**Data shown**

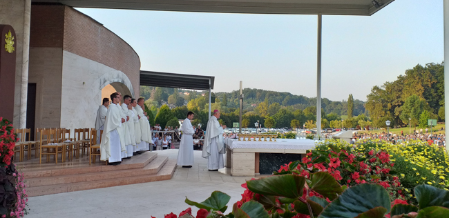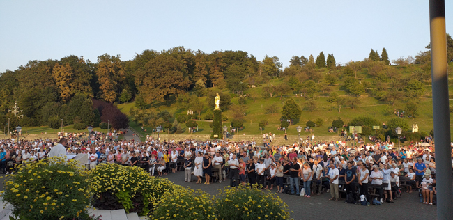 Crkva na otvorenom bila je ispunjena mnoštvom vjernika, onih koji su pristigli pješice kao i onih koji su automobilima došli kako bi sa svojim obiteljima sudjelovali na euharistiji koju je, u zajedništvu sa svećenicima velikogoričko-odranskog dekanata, u 18 sati predvodio krčki biskup Ivica Petanjak koji je u propovijed, osvrćući se na nedjeljno evanđelje, naglasio kako se hodočasnički put iz Velike Gorice može također gledati u svjetlu evanđelja. „Neki od vas sa župnikom Josipom Frkinom dali ste zavjet da ćete hodočastiti. Time što ste došli ovdje, a vidio sam koliko mladih je među vama došlo, pokazali ste da je to vaš odabir, vaše mjesto. (…) Izabrali ste mjesto koje vam nitko ne može uzeti, po kojem ćete se spasiti. Molite se da ustrajete biti na ovom mjestu koje ste odabrali. Neka ni jedan put ne bude privlačniji od ovoga - biti na putu Isusa Krista i Blažene Djevice Marije jer je to jedini put koji daje život ovdje i osigurava Vječnost“, zaključio je propovijed biskup Petanjak. Nakon euharistije slijedila je oproštajna procesija oko oltara. Hodočasnici su, uz pjesmu, još jednom zahvalili za darovane im milosti zajedno s dobrovoljcima – redarima koji su se, uz službenike Policije, Hrvatskih cesta i autocesta te vjernike zadužene za medicinsku skrb, uključili u organizaciju hodočašća i brinuli oko njegove sigurnosti.
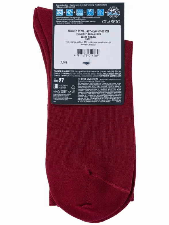 Пара бордовых носков арт. 5С-08СП поставляется с фабричной этикеткой в обычном или курьер-пакете.
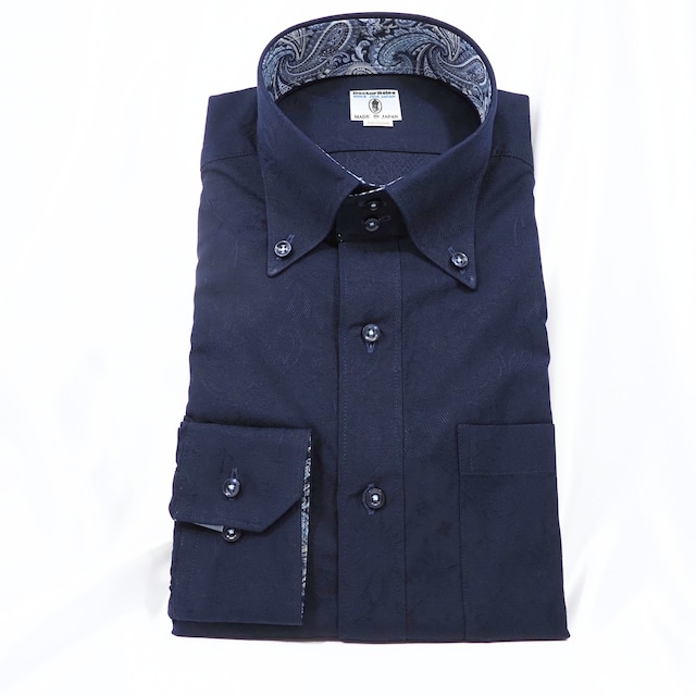 深みのあるネイビーベースに、ボタニカルの織柄でさりげない表情をプラス。

**Work to be completed**
Retype each line above exactly. Leave the images out.

**Answer for this exercise**
 Crkva na otvorenom bila je ispunjena mnoštvom vjernika, onih koji su pristigli pješice kao i onih koji su automobilima došli kako bi sa svojim obiteljima sudjelovali na euharistiji koju je, u zajedništvu sa svećenicima velikogoričko-odranskog dekanata, u 18 sati predvodio krčki biskup Ivica Petanjak koji je u propovijed, osvrćući se na nedjeljno evanđelje, naglasio kako se hodočasnički put iz Velike Gorice može također gledati u svjetlu evanđelja. „Neki od vas sa župnikom Josipom Frkinom dali ste zavjet da ćete hodočastiti. Time što ste došli ovdje, a vidio sam koliko mladih je među vama došlo, pokazali ste da je to vaš odabir, vaše mjesto. (…) Izabrali ste mjesto koje vam nitko ne može uzeti, po kojem ćete se spasiti. Molite se da ustrajete biti na ovom mjestu koje ste odabrali. Neka ni jedan put ne bude privlačniji od ovoga - biti na putu Isusa Krista i Blažene Djevice Marije jer je to jedini put koji daje život ovdje i osigurava Vječnost“, zaključio je propovijed biskup Petanjak. Nakon euharistije slijedila je oproštajna procesija oko oltara. Hodočasnici su, uz pjesmu, još jednom zahvalili za darovane im milosti zajedno s dobrovoljcima – redarima koji su se, uz službenike Policije, Hrvatskih cesta i autocesta te vjernike zadužene za medicinsku skrb, uključili u organizaciju hodočašća i brinuli oko njegove sigurnosti.
 Пара бордовых носков арт. 5С-08СП поставляется с фабричной этикеткой в обычном или курьер-пакете.
 深みのあるネイビーベースに、ボタニカルの織柄でさりげない表情をプラス。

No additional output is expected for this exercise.